COLLECTED DATA>
*** Block opens ***

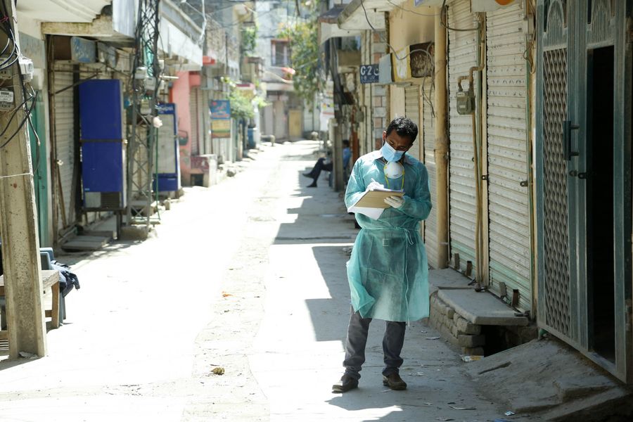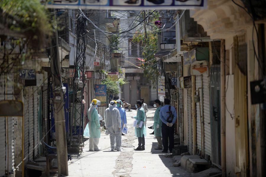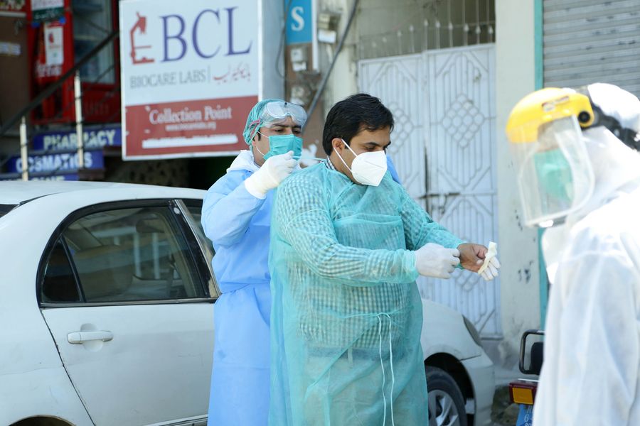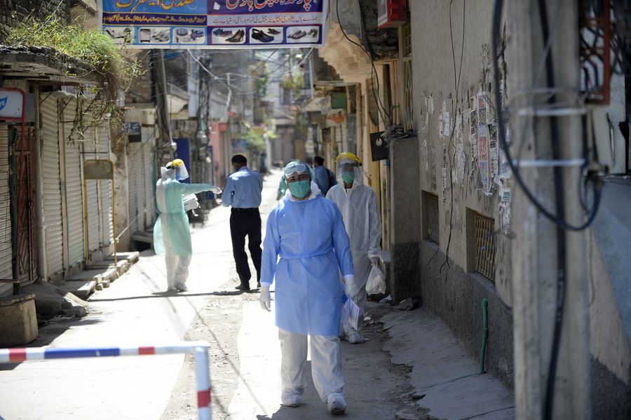 Medical staff members prepare to conduct screening test of COVID-19 at a residential area during lockdown on the outskirts of Islamabad, Pakistan, on April 10, 2020. (Xinhua/Ahmad Kamal)
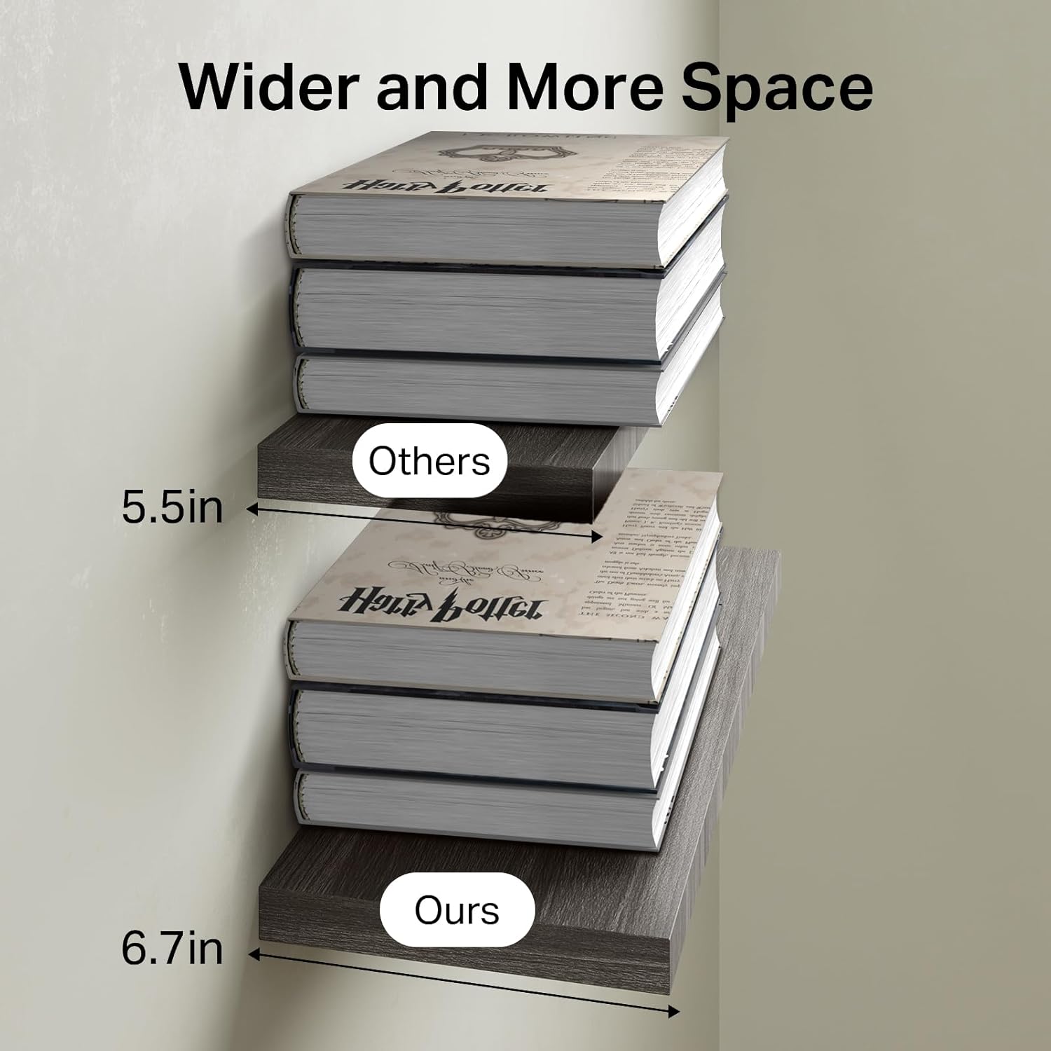 BAYKA Floating Shelves for Wall, Wall Mounted Rustic Wood Shelves for Bathroom, Bedroom, Living Room, Kitchen,Small Hanging Shelf for Books/Storage/Room Decor (Grey, Set of 3, 15.7in)
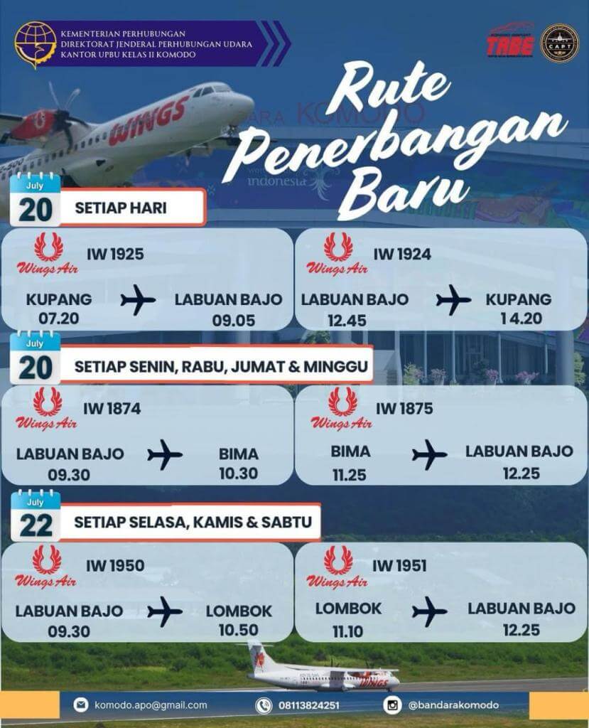 Selain itu, setiap Senin, Rabu, Jumat, dan Minggu, dibuka rute Labuan Bajo – Bima – Labuan Bajo dengan jadwal berangkat pukul 09.30 WITA dan kembali pukul 11.25 WITA. Mulai 22 Juli 2025, rute Labuan Bajo – Lombok – Labuan Bajo juga tersedia setiap Selasa, Kamis, dan Sabtu dengan jadwal berangkat pukul 09.30 WITA dan kembali pukul 11.10 WITA.
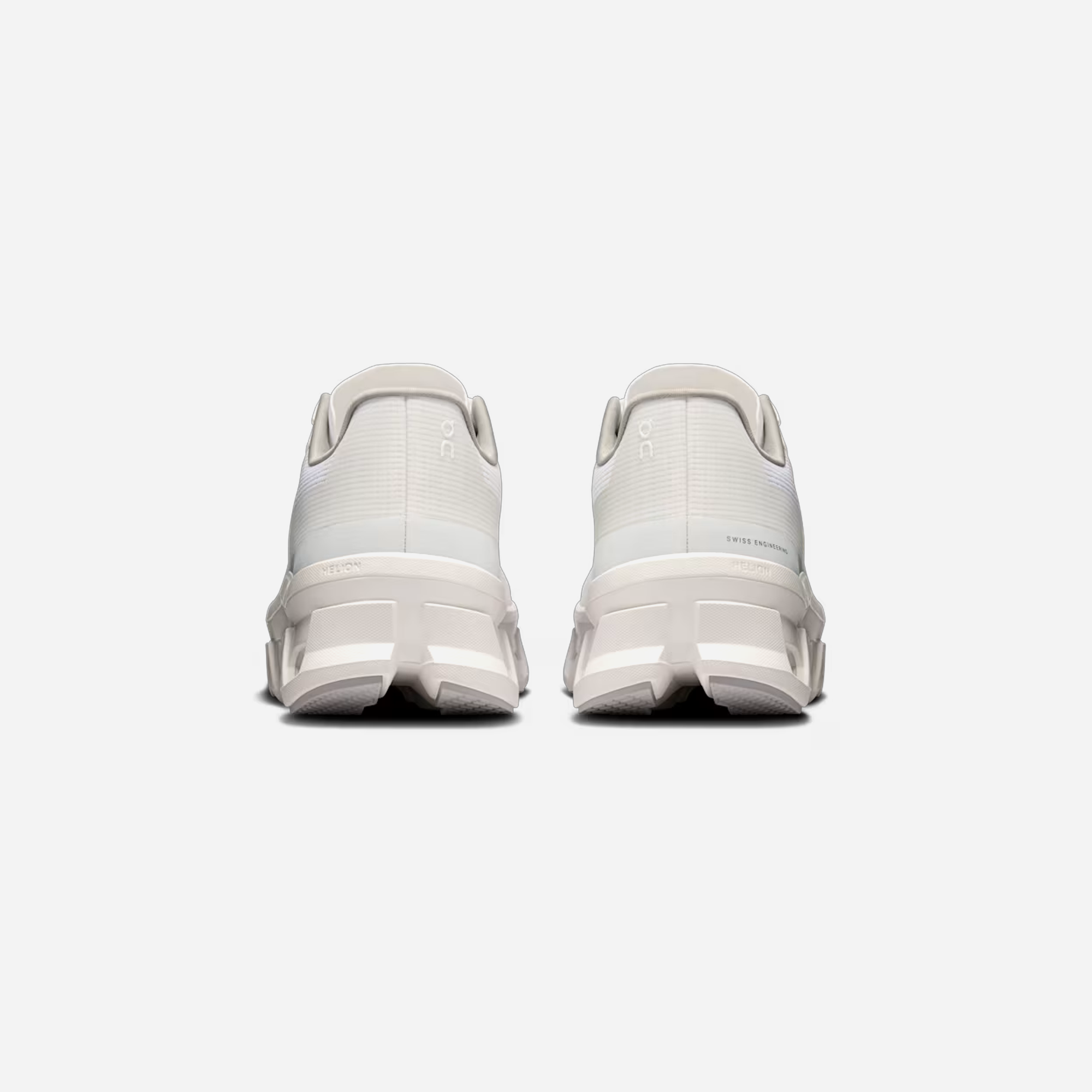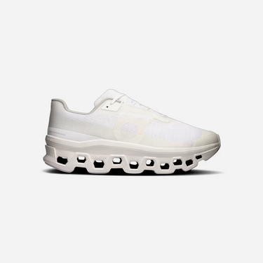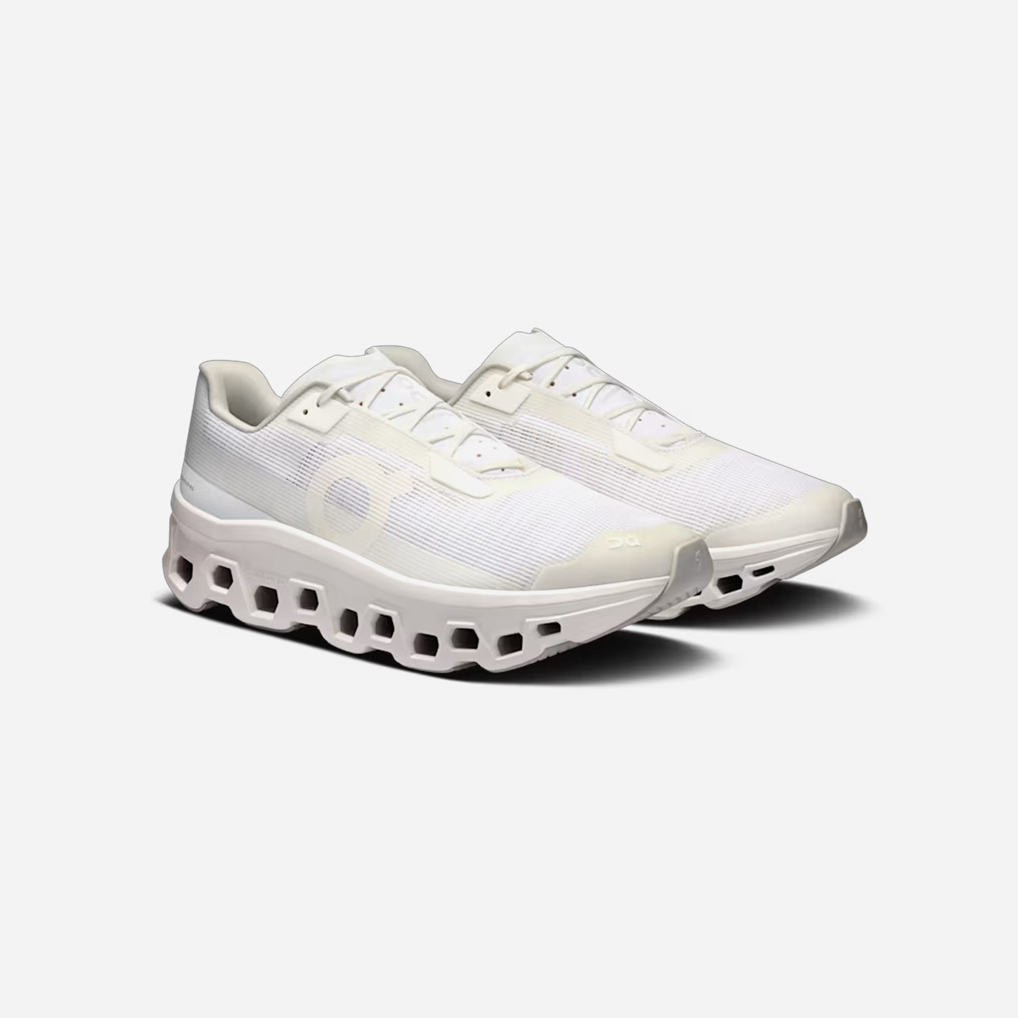 ON Running Cloudmonster Void White White combines innovative cushioning with clean aesthetic design for modern runners. The CloudTec sole technology ensures responsive comfort and efficient energy return on every run. These lightweight performance shoes provide excellent stability and support for both training and racing applications.

*** Block closes ***

BRIEF> Reprint all the data above verbatim, excluding pictures.

ANSWER>
 Medical staff members prepare to conduct screening test of COVID-19 at a residential area during lockdown on the outskirts of Islamabad, Pakistan, on April 10, 2020. (Xinhua/Ahmad Kamal)
 BAYKA Floating Shelves for Wall, Wall Mounted Rustic Wood Shelves for Bathroom, Bedroom, Living Room, Kitchen,Small Hanging Shelf for Books/Storage/Room Decor (Grey, Set of 3, 15.7in)
 Selain itu, setiap Senin, Rabu, Jumat, dan Minggu, dibuka rute Labuan Bajo – Bima – Labuan Bajo dengan jadwal berangkat pukul 09.30 WITA dan kembali pukul 11.25 WITA. Mulai 22 Juli 2025, rute Labuan Bajo – Lombok – Labuan Bajo juga tersedia setiap Selasa, Kamis, dan Sabtu dengan jadwal berangkat pukul 09.30 WITA dan kembali pukul 11.10 WITA.
 ON Running Cloudmonster Void White White combines innovative cushioning with clean aesthetic design for modern runners. The CloudTec sole technology ensures responsive comfort and efficient energy return on every run. These lightweight performance shoes provide excellent stability and support for both training and racing applications.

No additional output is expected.